To do => Starting from the line with "Teglsteinen som er", please copy exactly every line to the end of the listing, but not the pictures.
[[ Information shown, beginning ]]
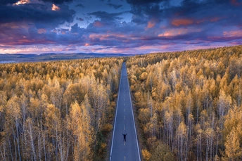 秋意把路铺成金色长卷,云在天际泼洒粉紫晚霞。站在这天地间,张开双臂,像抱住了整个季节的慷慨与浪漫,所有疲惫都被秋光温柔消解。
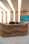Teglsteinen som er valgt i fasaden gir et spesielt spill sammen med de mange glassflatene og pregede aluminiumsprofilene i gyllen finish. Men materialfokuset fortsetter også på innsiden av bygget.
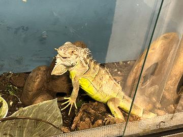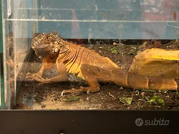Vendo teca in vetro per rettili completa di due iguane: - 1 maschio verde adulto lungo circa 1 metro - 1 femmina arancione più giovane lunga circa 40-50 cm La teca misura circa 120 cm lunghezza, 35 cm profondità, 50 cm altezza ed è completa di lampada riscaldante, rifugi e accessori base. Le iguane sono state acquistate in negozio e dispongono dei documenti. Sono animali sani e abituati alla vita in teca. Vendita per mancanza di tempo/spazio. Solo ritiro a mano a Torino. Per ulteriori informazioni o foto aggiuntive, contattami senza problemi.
[[ Information shown, end ]]
Exercise solution =>
Teglsteinen som er valgt i fasaden gir et spesielt spill sammen med de mange glassflatene og pregede aluminiumsprofilene i gyllen finish. Men materialfokuset fortsetter også på innsiden av bygget.
Vendo teca in vetro per rettili completa di due iguane: - 1 maschio verde adulto lungo circa 1 metro - 1 femmina arancione più giovane lunga circa 40-50 cm La teca misura circa 120 cm lunghezza, 35 cm profondità, 50 cm altezza ed è completa di lampada riscaldante, rifugi e accessori base. Le iguane sono state acquistate in negozio e dispongono dei documenti. Sono animali sani e abituati alla vita in teca. Vendita per mancanza di tempo/spazio. Solo ritiro a mano a Torino. Per ulteriori informazioni o foto aggiuntive, contattami senza problemi.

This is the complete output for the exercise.